First Lieutenant Perdomo, (1919–1976), the son of Mexican parents, was born in El Paso, Texas. When the war broke out, Perdomo joined the United States Army Air Forces (USAAF) as an aviation cadet and was trained to fly the P-47 Thunderbolt. After finishing his pilot training, he was assigned to the 464th Fighter Squadron, which was part of the 507th Fighter Group sent to the Pacific Island of Ie Shima off the west coast of Okinawa.

On August 13, 1945, 1st Lt. Perdomo shot down four Nakajima Ki-43 "Oscar" fighters and one Yokosuka K5Y "Willow" Type 93 biplane trainer near Keijo/Seoul, Korea. Perdomo's unit (38 Thunderbolts of the 507th Fighter Wing) engaged approximately 50 enemy aircraft. This action was Lt. Perdomo's tenth and final combat mission. He ended the war with the Distinguished Service Cross for extraordinary heroism in action and the Air Medal with one oak leaf cluster.

Not all Hispanics who served in aviation units were pilots or aces. Examples ranging from aces to air crew members show the diversity of their experiences in the air war.
- Commander Eugene A. Valencia Jr., United States Navy (USN) fighter ace, is credited with 23 air victories in the Pacific during World War II. Valencia's decorations include the Navy Cross, six Distinguished Flying Crosses, and six Air Medals.
- Lieutenant Colonel Donald S. Lopez Sr., USAAF pilot credited with shooting down five Japanese fighters in the China theater.

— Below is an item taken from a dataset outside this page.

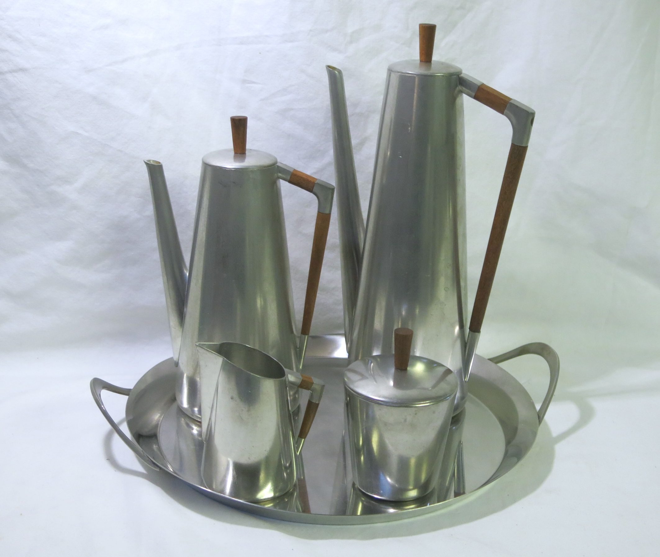 1960’s Royal Holland KMD Tiel Pewter and Teak Coffee/Tea Set

He eventually became the deputy director of the National Air and Space Museum
- Captain Michael Brezas, USAAF fighter ace, arrived in Lucera, Italy during the summer of 1944, joining the 48th Fighter Squadron of the 14th Fighter Group. Flying the P-38 aircraft, Lt. Brezas downed 12 enemy planes within two months. He received the Silver Star Medal, the Distinguished Flying Cross, and the Air Medal with eleven oak leaf clusters.
- Captain Mihiel "Mike" Gilormini, Royal Air Force and USAAF, was a flight commander whose last combat mission was attacking the airfield at Milano, Italy. His last flight in Italy gave air cover for General George C. Marshall's visit to Pisa. Gilormini was the recipient of the Silver Star Medal, five Distinguished Flying Crosses, and the Air Medal with four oak leaf clusters. Gilormini later founded the Puerto Rico Air National Guard and retired as brigadier general.
- Captain Alberto A. Nido served in the Royal Canadian Air Force, the British Royal Air Force and the USAAF. He flew missions as a bomber pilot for the RCAF and as a Supermarine Spitfire fighter pilot for the RAF. As a member of the RAF, he participated in 275 combat missions. Nido later transferred to the USAAF's 67th Fighter Group as a P-51 Mustang fighter pilot. He was awarded the Distinguished Flying Cross with four oak leaf clusters and the Air Medal with four oak leaf clusters. Nido co-founded the Puerto Rico Air National Guard and, as Gilormini, retired a brigadier general.
- Captain Robert L. Cardenas, USAAF, served as a B-24 aircraft pilot in the European Theater of Operations with the 506th Bombardment Squadron. He was awarded the Air Medal and two oak leaf clusters in 20 bombing missions. Shot down over Germany in March 1944, he made his way to Allied-controlled territory, despite head wounds from flak. A key postwar Air Force test pilot, Cardenas flew over 100 aircraft, including America's first jet fighter and first jet bomber. He flew the B-29 bomber that launched the X-1 rocket plane in which Chuck Yeager became the first man to fly faster than the speed of sound. Ending his career as chief of U.S. nuclear target selection, Cardenas retired as a brigadier general, and is enshrined in the National Aviation Hall of Fame and International Air & Space Hall of Fame.
- 2nd Lieutenant César Luis González, USAAF, the co-pilot of a C-47, was the first Puerto Rican pilot in the United States Army Air Forces. He was one of the initial participants of the invasion of Sicily on July 10, 1943, Operation Husky. He flew on two night missions, the first on July 9, where his mission was to drop paratroops of 82nd Airborne Division on the area of Gela and the second on July 11, when he dropped reinforcements in the area. His unit was awarded the Distinguished Unit Citation for carrying out this second mission in spite of bad weather and heavy fire from enemy ground and naval forces. González died on November 22, 1943, when his plane crashed during training off the end of the runway at Castelvetrano. He was posthumously promoted to first lieutenant.
- Lieutenant Richard Gomez Candelaria, USAAF, was a P-51 Mustang pilot from the 435th Fighter Squadron of the 479th Fighter Group. With six aerial victories to his credit, Candelaria was the only "ace" in his squadron. Most of his victories were achieved on a single mission on April 7, 1945, when he found himself the lone escort protecting a formation of USAAF B-24 Liberators. Candelaria defended the bombers from at least 15 German fighters, single-handedly destroying four before help arrived. He was also credited with a probable victory on an Me 262 during this engagement. Six days later, Candelaria was shot down by ground fire, and spent the rest of the war as a POW. After the war, Candelaria served in the Air National Guard, reaching the rank of colonel prior to his retirement.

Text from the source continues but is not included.